• YOUR GOAL:
Copy the records below exactly, starting at the line that contains "Spring plastic 304" and ending at the line that contains "برنامه Cast TV"; leave out any pictures.

• DATA RECORDS:
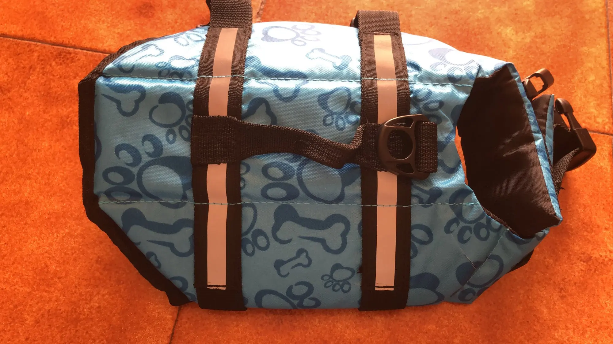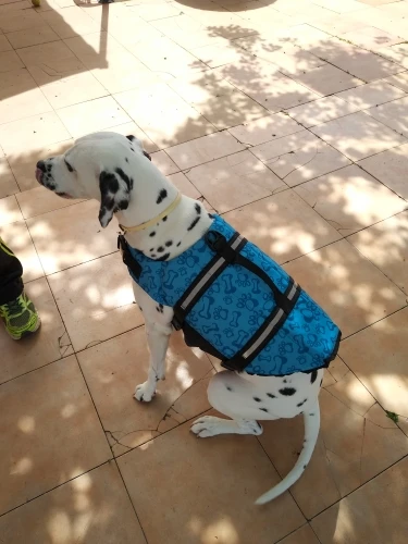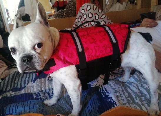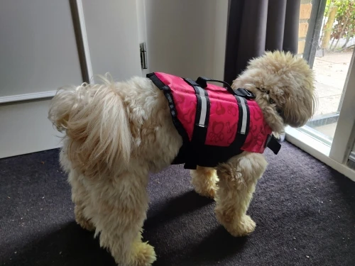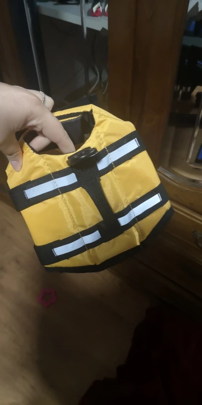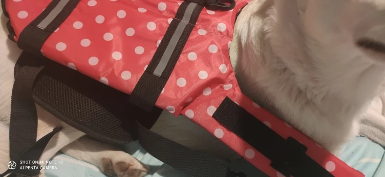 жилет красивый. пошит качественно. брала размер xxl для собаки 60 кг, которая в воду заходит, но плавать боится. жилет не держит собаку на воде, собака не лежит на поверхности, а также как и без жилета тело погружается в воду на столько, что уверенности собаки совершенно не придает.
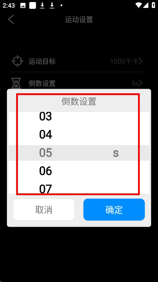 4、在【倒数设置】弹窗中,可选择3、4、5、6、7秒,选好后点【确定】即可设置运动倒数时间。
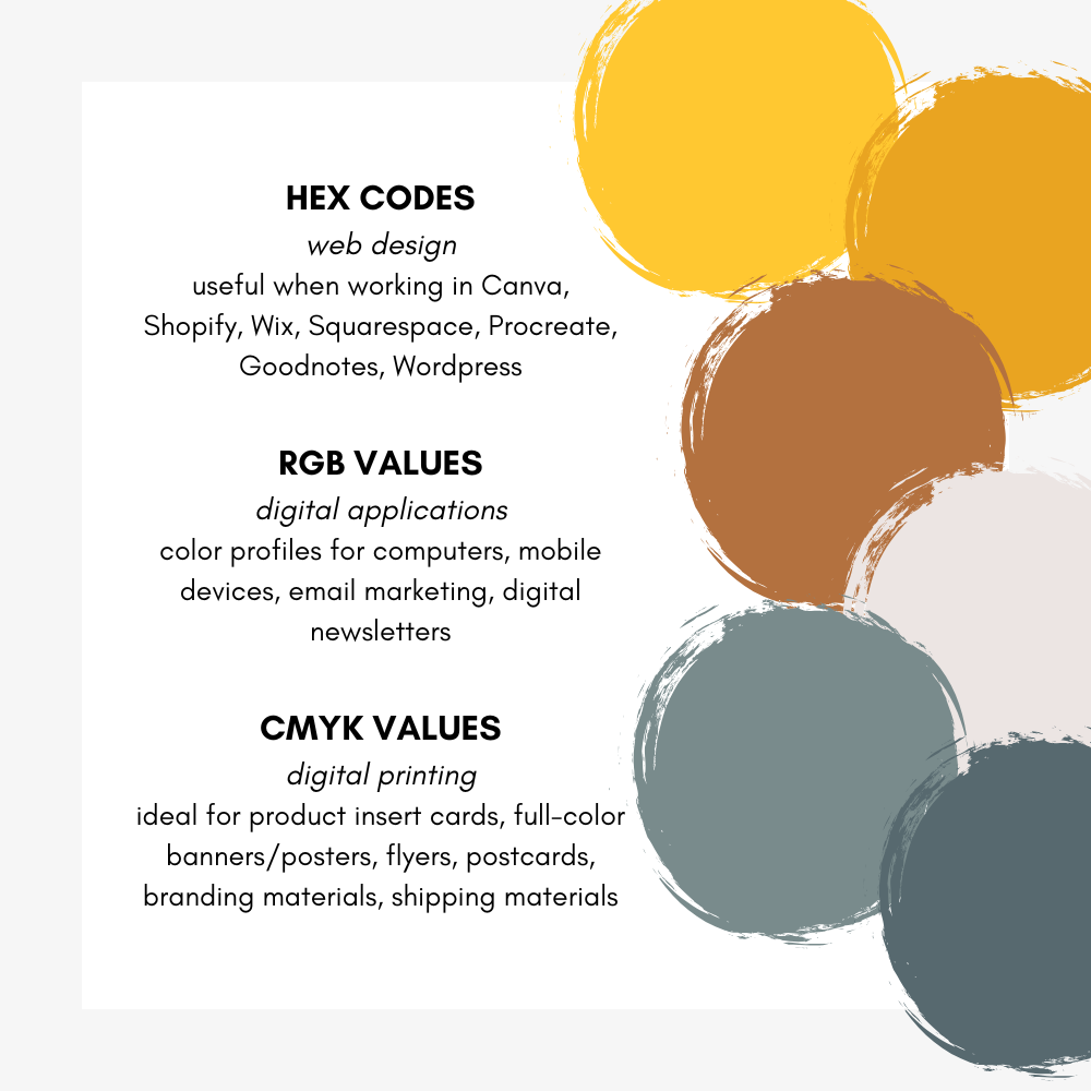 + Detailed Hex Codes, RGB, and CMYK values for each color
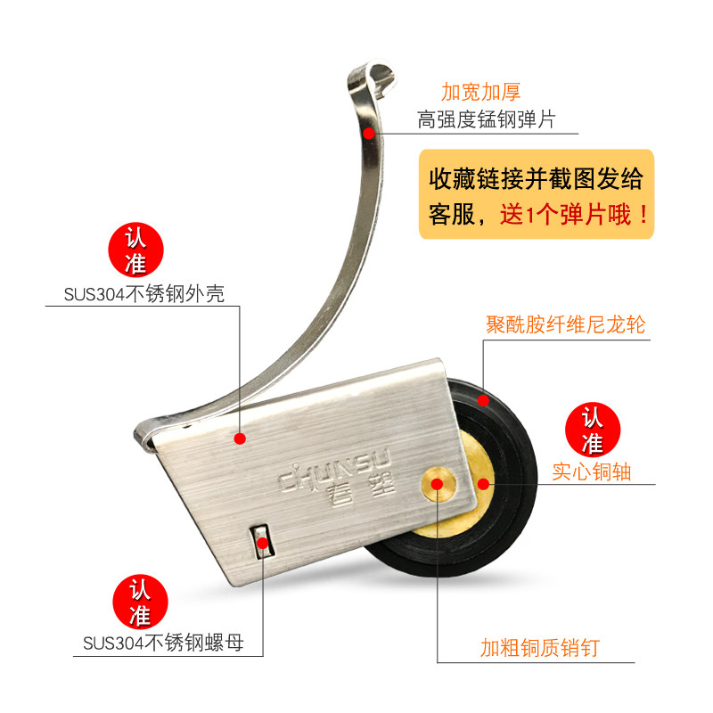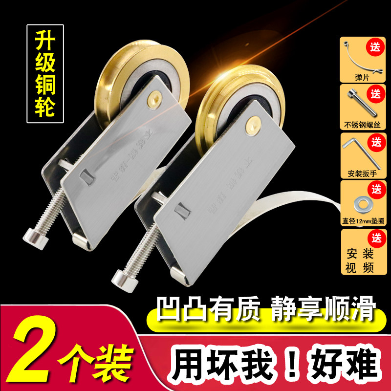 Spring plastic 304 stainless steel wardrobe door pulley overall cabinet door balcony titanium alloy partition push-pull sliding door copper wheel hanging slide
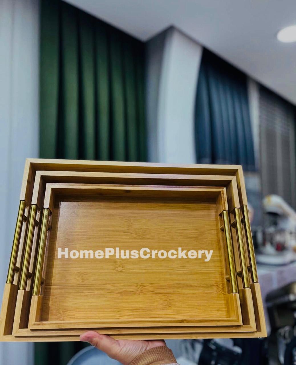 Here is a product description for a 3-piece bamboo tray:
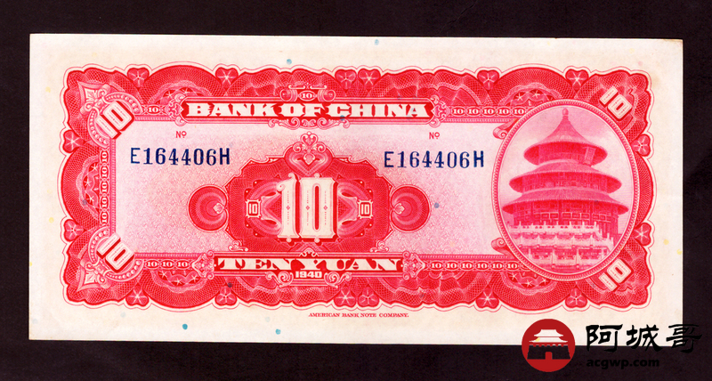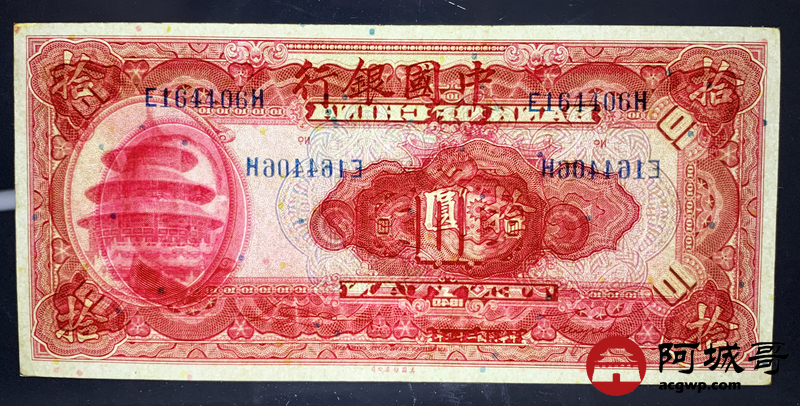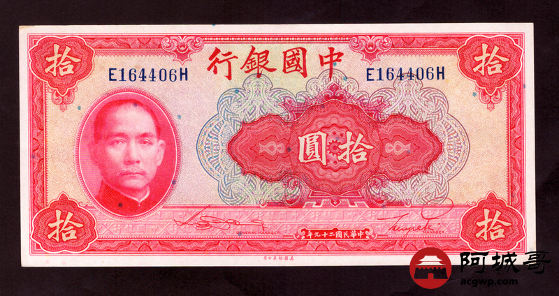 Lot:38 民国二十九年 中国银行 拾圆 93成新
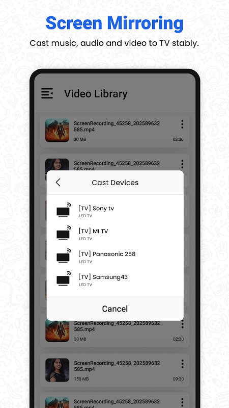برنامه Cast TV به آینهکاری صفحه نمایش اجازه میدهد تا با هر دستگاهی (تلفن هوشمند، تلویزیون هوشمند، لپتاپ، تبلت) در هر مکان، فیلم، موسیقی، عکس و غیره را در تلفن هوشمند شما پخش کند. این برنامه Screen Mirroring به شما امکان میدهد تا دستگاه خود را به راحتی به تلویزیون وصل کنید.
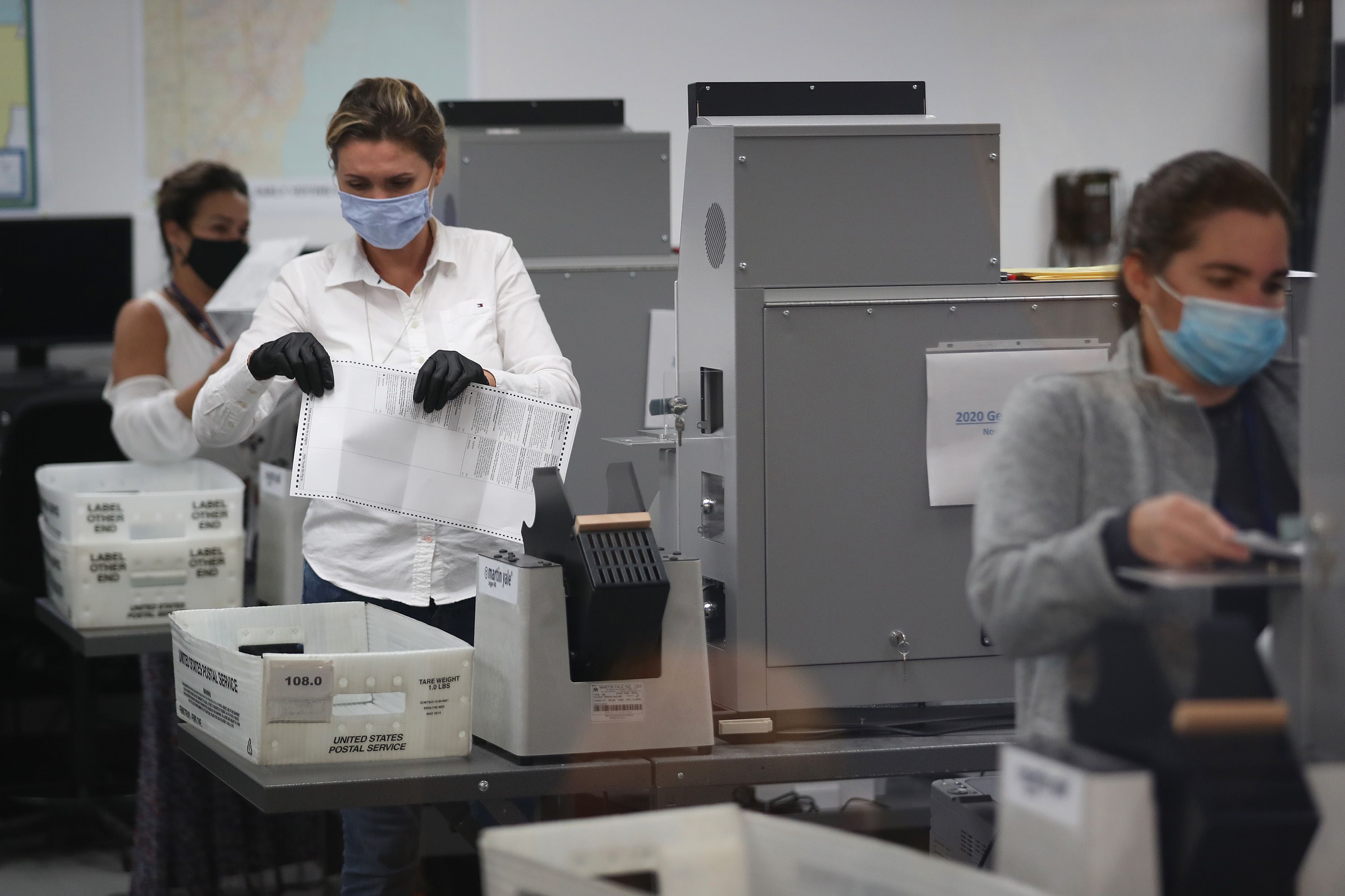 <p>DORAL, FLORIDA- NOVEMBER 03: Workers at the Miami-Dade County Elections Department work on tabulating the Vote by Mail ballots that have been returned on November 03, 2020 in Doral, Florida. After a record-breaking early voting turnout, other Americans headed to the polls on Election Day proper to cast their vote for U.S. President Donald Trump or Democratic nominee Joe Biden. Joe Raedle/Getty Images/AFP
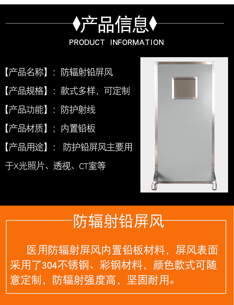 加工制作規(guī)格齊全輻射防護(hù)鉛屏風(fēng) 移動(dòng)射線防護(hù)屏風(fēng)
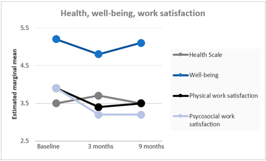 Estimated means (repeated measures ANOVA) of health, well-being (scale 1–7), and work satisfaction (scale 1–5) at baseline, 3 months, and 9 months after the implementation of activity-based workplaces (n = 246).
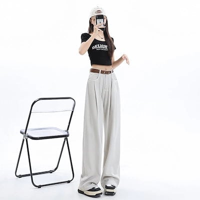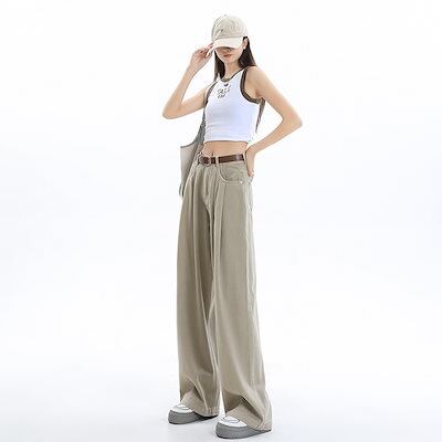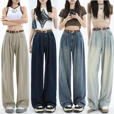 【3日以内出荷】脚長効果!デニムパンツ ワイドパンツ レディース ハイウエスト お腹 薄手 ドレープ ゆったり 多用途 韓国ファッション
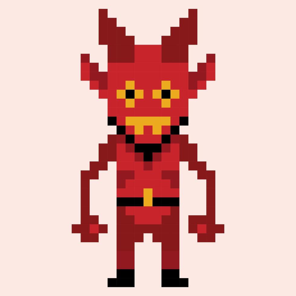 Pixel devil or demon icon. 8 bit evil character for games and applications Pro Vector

• RESULT OF THIS EXERCISE:
 Spring plastic 304 stainless steel wardrobe door pulley overall cabinet door balcony titanium alloy partition push-pull sliding door copper wheel hanging slide
 Here is a product description for a 3-piece bamboo tray:
 Lot:38 民国二十九年 中国银行 拾圆 93成新
برنامه Cast TV به آینهکاری صفحه نمایش اجازه میدهد تا با هر دستگاهی (تلفن هوشمند، تلویزیون هوشمند، لپتاپ، تبلت) در هر مکان، فیلم، موسیقی، عکس و غیره را در تلفن هوشمند شما پخش کند. این برنامه Screen Mirroring به شما امکان میدهد تا دستگاه خود را به راحتی به تلویزیون وصل کنید.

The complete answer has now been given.